College of Information and Communication Engineering, Harbin Engineering University, Harbin 150001, China.
Comput Intell Neurosci. 2022 Apr 28;2022:1010767. doi: 10.1155/2022/1010767. eCollection 2022.
You only look once (YOLO) is one of the most efficient target detection networks. However, the performance of the YOLO network decreases significantly when the variation between the training data and the real data is large. To automatically customize the YOLO network, we suggest a novel transfer learning algorithm with the sequential Monte Carlo probability hypothesis density (SMC-PHD) filter and Gaussian mixture probability hypothesis density (GM-PHD) filter. The proposed framework can automatically customize the YOLO framework with unlabelled target sequences. The frames of the unlabelled target sequences are automatically labelled. The detection probability and clutter density of the SMC-PHD filter and GM-PHD are applied to retrain the YOLO network for occluded targets and clutter. A novel likelihood density with the confidence probability of the YOLO detector and visual context indications is implemented to choose target samples. A simple resampling strategy is proposed for SMC-PHD YOLO to address the weight degeneracy problem. Experiments with different datasets indicate that the proposed framework achieves positive outcomes relative to state-of-the-art frameworks.
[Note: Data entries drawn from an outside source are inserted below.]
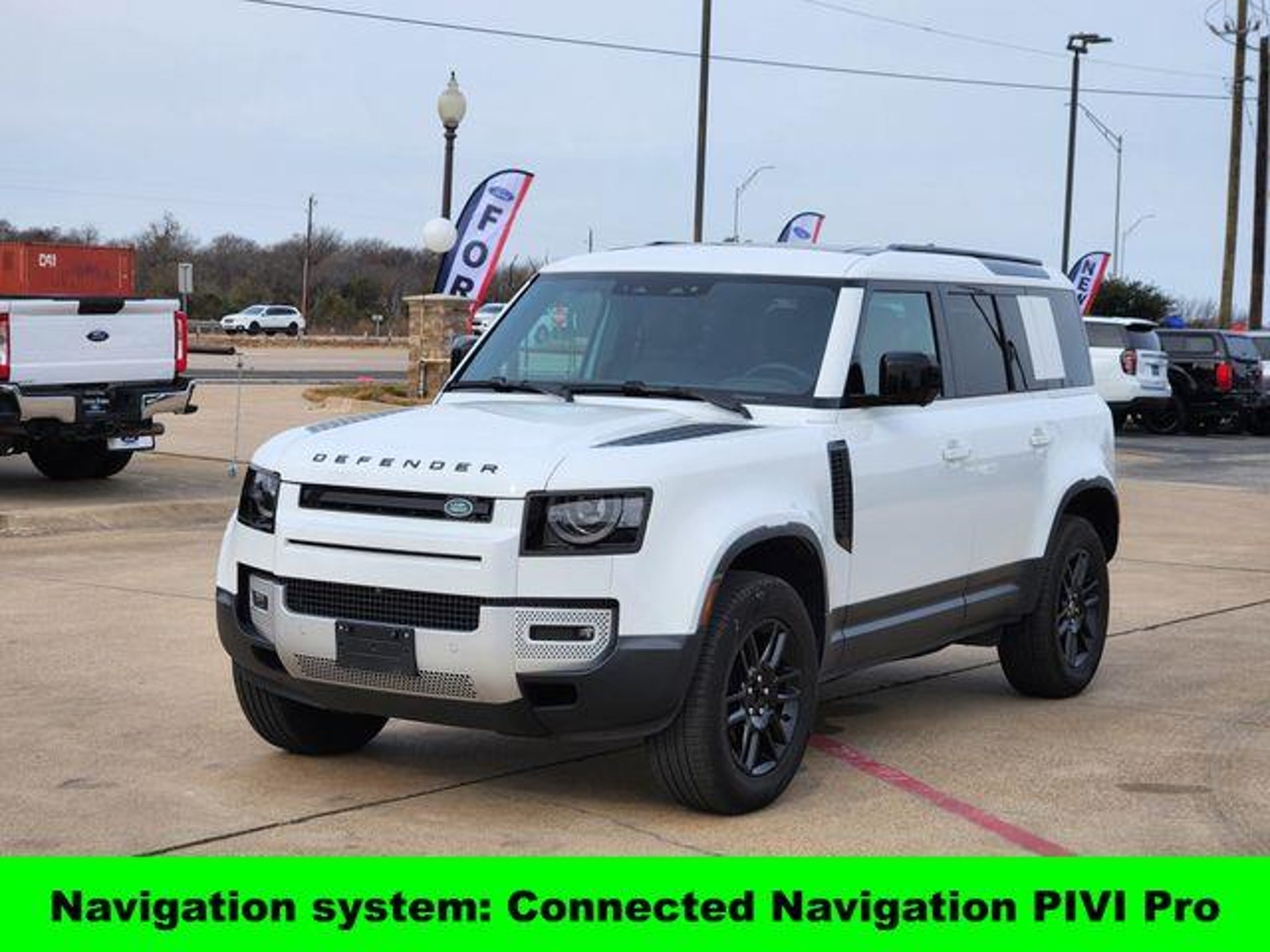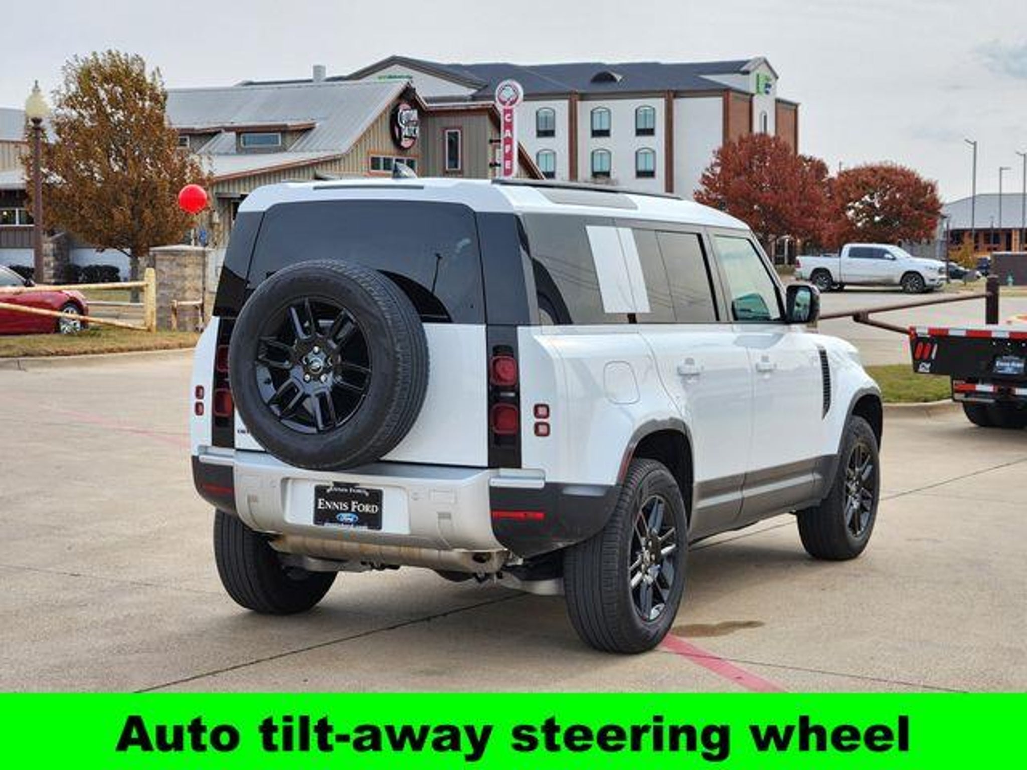 Auto tilt-away steering wheel, Heated steering wheel, Navigation system: Connected Navigation PIVI Pro, Power moonroof. ** Call us Today! 972-875-9067 ** We have a great selection of Pre-Owned vehicles! Ennis Ford is conveniently located just South of the DFW area. Just 30 minutes from Downtown Dallas! Ennis Ford also serves many other wonderful communities nearby such as Waxahachie, Kaufman, Corsicana, Italy, Rice, and Ferris just to name a few. Delivery may be available. Please reach out to our sales team for more information. You Will Like The Way We Trade! Auto tilt-away steering wheel, Heated steering wheel, Navigation system: Connected Navigation PIVI Pro, Power moonroof, 11 Speakers, 12-Way Heated Electric Memory Front Seats, 4-Wheel Disc Brakes, ABS brakes, Air Conditioning, Alloy wheels, AM/FM radio: SiriusXM, Apple CarPlay & Android Auto, Auto High-beam Headlights, Auto-dimming door mirrors, Auto-dimming Rear-View mirror, Automatic temperature control, Brake assist, Bumpers: body-color, Compass, Delay-off headlights, Driver door bin, Driver vanity mirror, Dual front impact airbags, Dual front side impact airbags, Electronic Stability Control, Exterior Parking Camera Rear, Four wheel independent suspension, Front anti-roll bar, Front Bucket Seats, Front Center Armrest, Front dual zone A/C, Front fog lights, Front reading lights, Fully automatic headlights, Garage door transmitter: HomeLink, Heated door mirrors, Heated front seats, Illuminated entry, Low tire pressure warning, Memory seat, Occupant sensing airbag, Outside temperature display, Overhead airbag, Overhead console, Panic alarm, Passenger door bin, Passenger vanity mirror, Power door mirrors, Power driver seat, Power passenger seat, Power steering, Power windows, Radio data system, Radio: Meridian Sound System, Rain sensing wipers, Rear anti-roll bar, Rear fog lights, Rear reading lights, Rear seat center armrest, Rear window defroster, Rear window wiper, Remote keyless entry, Resist and Resolve Seat Trim, Security system, Speed control, Speed-sensing steering, Speed-Sensitive Wipers, Split folding rear seat, Steering wheel memory, Steering wheel mounted audio controls, Tachometer, Telescoping steering wheel, Tilt steering wheel, Traction control, Trip computer, Variably intermittent wipers, Weather band radio, and Wheels: 19 Gloss Sparkle Silver Style 6010. Santorini Black Metallic 2025 Land Rover Defender 110 S AWD 8-Speed Automatic 2.0L I4 DI Turbocharged Recent Arrival! Odometer is 5571 miles below market average! CARFAX One-Ow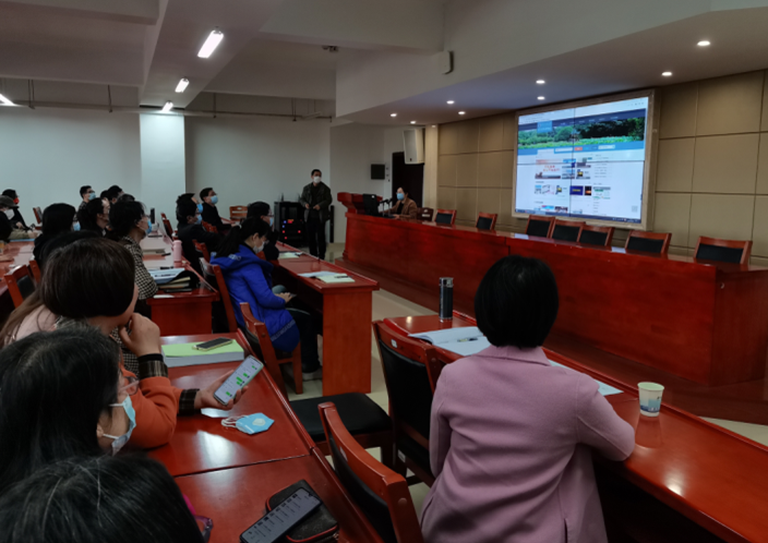 2022年3月29日,”‘一平三端’助力打造混合式智慧课堂“教学研讨培训会在立言楼四楼会议室举行,讲座由邓桂英老师主讲,教务处副处长贺玲、九州平台(中国)集团有限公司领导及全院教师参加了培训。
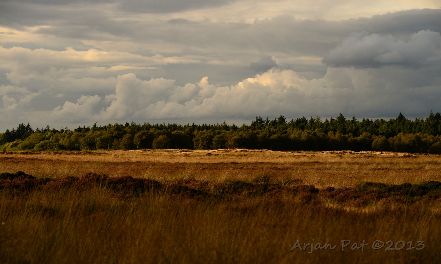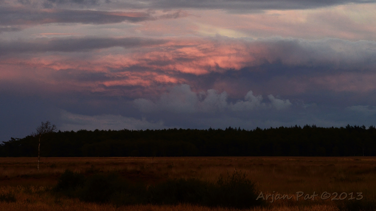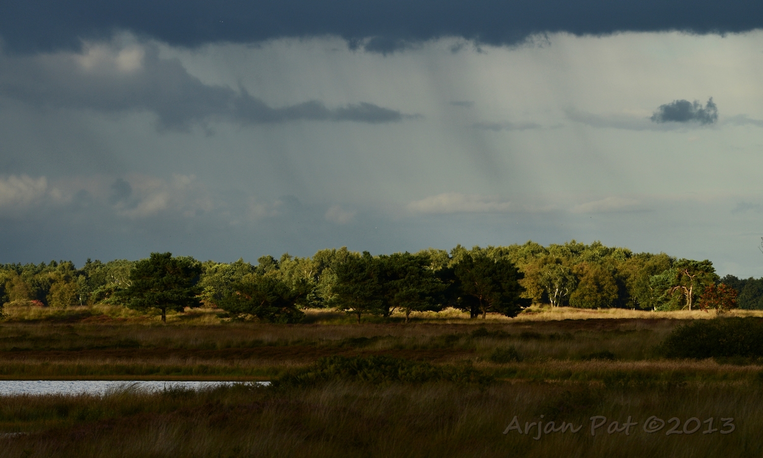 Net voor zonsondergang even een wandelingetje gemaakt over het Hijkerveld. De zon stond al laag en er waren links en rechts van mij dreigende wolkenvelden, waaruit het zichtbaar regende.

你只需看一次 (YOLO) 是最有效的目标检测网络之一。然而,当训练数据与真实数据之间的差异较大时,YOLO 网络的性能会显著下降。为了自动定制 YOLO 网络,我们建议使用一种新颖的迁移学习算法,该算法结合了序贯蒙特卡罗概率假设密度 (SMC-PHD) 滤波器和高斯混合概率假设密度 (GM-PHD) 滤波器。所提出的框架可以使用未标记的目标序列自动定制 YOLO 框架。未标记的目标序列的帧被自动标记。SMC-PHD 滤波器和 GM-PHD 的检测概率和杂波密度被应用于重新训练 YOLO 网络以解决遮挡目标和杂波问题。实现了一种新的似然密度,其中包含 YOLO 探测器的置信概率和视觉上下文指示,用于选择目标样本。提出了一种简单的重采样策略,用于解决 SMC-PHD YOLO 的权重退化问题。在不同数据集上的实验表明,与最先进的框架相比,所提出的框架取得了积极的成果。